Когда он поднимался по улице Драмменсвейен от Шиллебек к Лапсеторве, он видел, как тень от туч покрывала собой зимне-серую мостовую и даже безбоязненно проникала туда, где свет от газовых фонарей был самым ярким. В садиках лунный свет разливался по кустарникам, дурача, создавая иллюзию, будто уже весна. Там и сям в садиках валялись снежные комья.
Он был настолько взволнован, что воспользовался ключами от ее квартиры, которые она дала ему… Он открыл дверь машинально, не раздумывая. Так он поступил впервые. Он слышал биение своего сердца, когда он осторожно постучал в дверь гостиной. «Войдите».
Она посмотрела на него — спокойно и холодно. «Ты? Я думала, врач. Я не слышала звонка».
Он не знал почему, но он уклонился от ответа на ее вопрос. Пусть она думает, что он звонил. Он лишь сказал: «Лалла, я должен был тебя видеть». Но уже давно он научился распознавать любое выражение на ее лице. Сейчас оно было такое, когда у нее бывало плохое настроение. Белое лицо, большие красные губы и неестественно сверкающие синие глаза.
Он, однако, продолжал: «Лалла, сегодня вечером мне не по себе, мне плохо, я словно попал в водоворот. Ты можешь мне помочь, ты — и никто другой».
Она не отвечала. Откровенно неприветливой она не была. Она даже положила руку на его плечо. Вопреки интуиции, вопреки инстинкту в нем вспыхнул слабый луч надежды. «Единственное, что поможет мне, что возвратит меня к жизни — это остаться у тебя на ночь…»
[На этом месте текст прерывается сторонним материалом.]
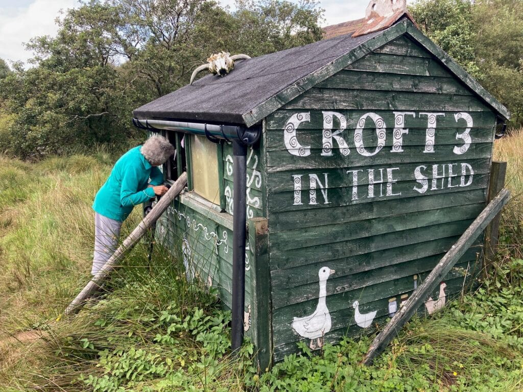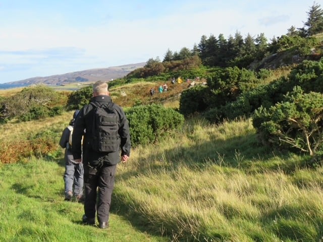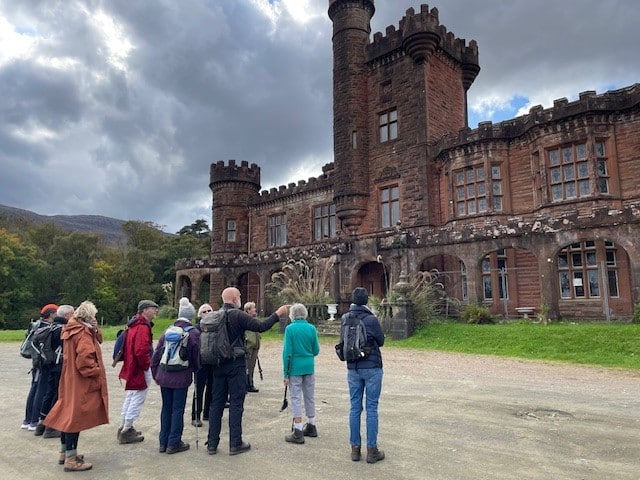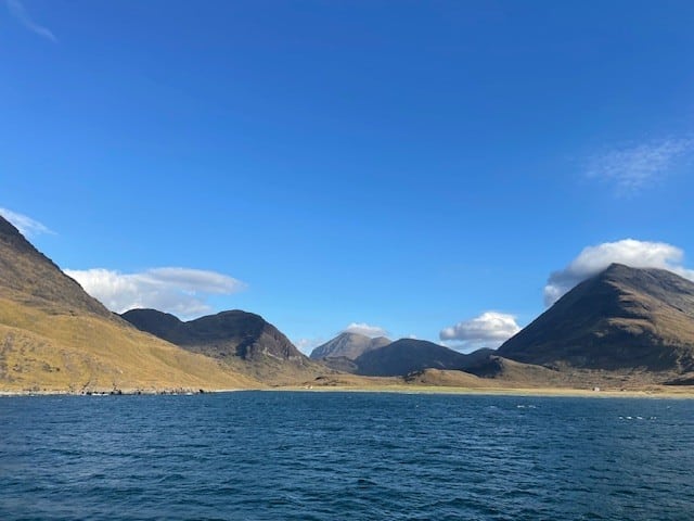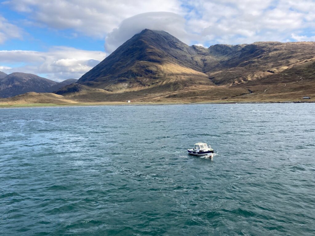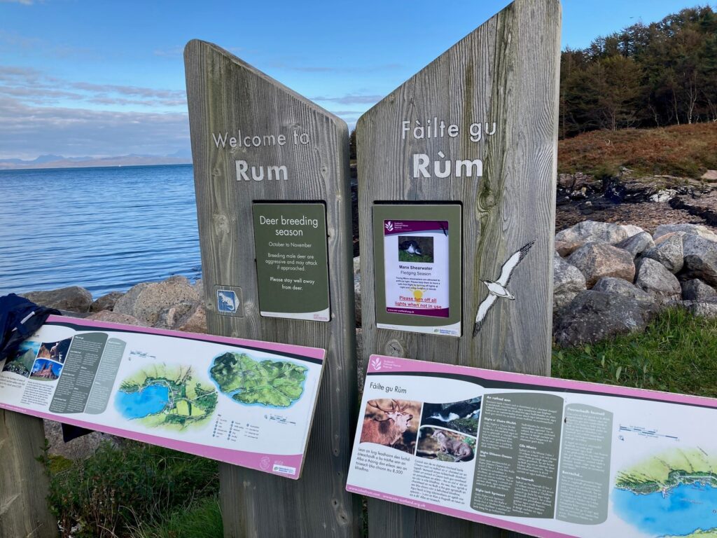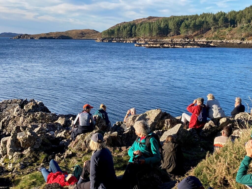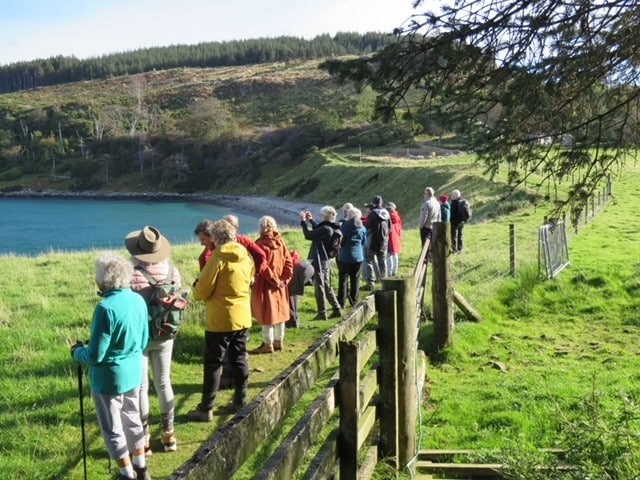 Walkers set out up towards Glen Dibidil – rewarded for their climb by far-reaching views, while Strollers stayed in the more wooded and coastal areas, stopping to hear stories of Kinloch House as we surveyed its now somewhat saddened exterior. Other guests explored more independently, visiting the otter hide in the hopes of a sighting! A hamper of teas, coffees, and of course a wee tot of ‘rum on Rum’ awaited our return at the shore.

Она словно онемела. Он хотел прикоснуться к ней, сделал беспомощное движение, и она тотчас заметила, каким оно было вялым и старческим. И что еще хуже, он увидел, что она подметила это. Ему стало совсем невмоготу, он растерялся и продолжал говорить почти бессвязно: «Лалла, есть дни, когда не владеешь собой, когда ищешь помощь и поддержку у того, кто ближе всего тебе. Я прошу тебя, помоги мне. Ты знаешь, ты можешь».
Он был вне себя.
Они сидели и молчали. Она была, словно статуя — застывшая и недоступная. Всем своим видом она излучала противление. Но он не отступал, настаивал, он был вне себя. Он молил:
— Лалла, если ты не поможешь мне сегодня, боюсь, что нашим отношениям придет конец. Ты же знаешь, я говорил тебе много раз, благодаря тебе я снова уверовал в себя, ты возвратила мне чувство собственного достоинства, я стал уважать себя. Разве ты не знаешь, Лалла, что такое терзания ума да еще в такой вечер, как этот, ведь все может разлететься в прах. Я даже думаю, что моя честь, мое достоинство в твоих руках, в твоей власти.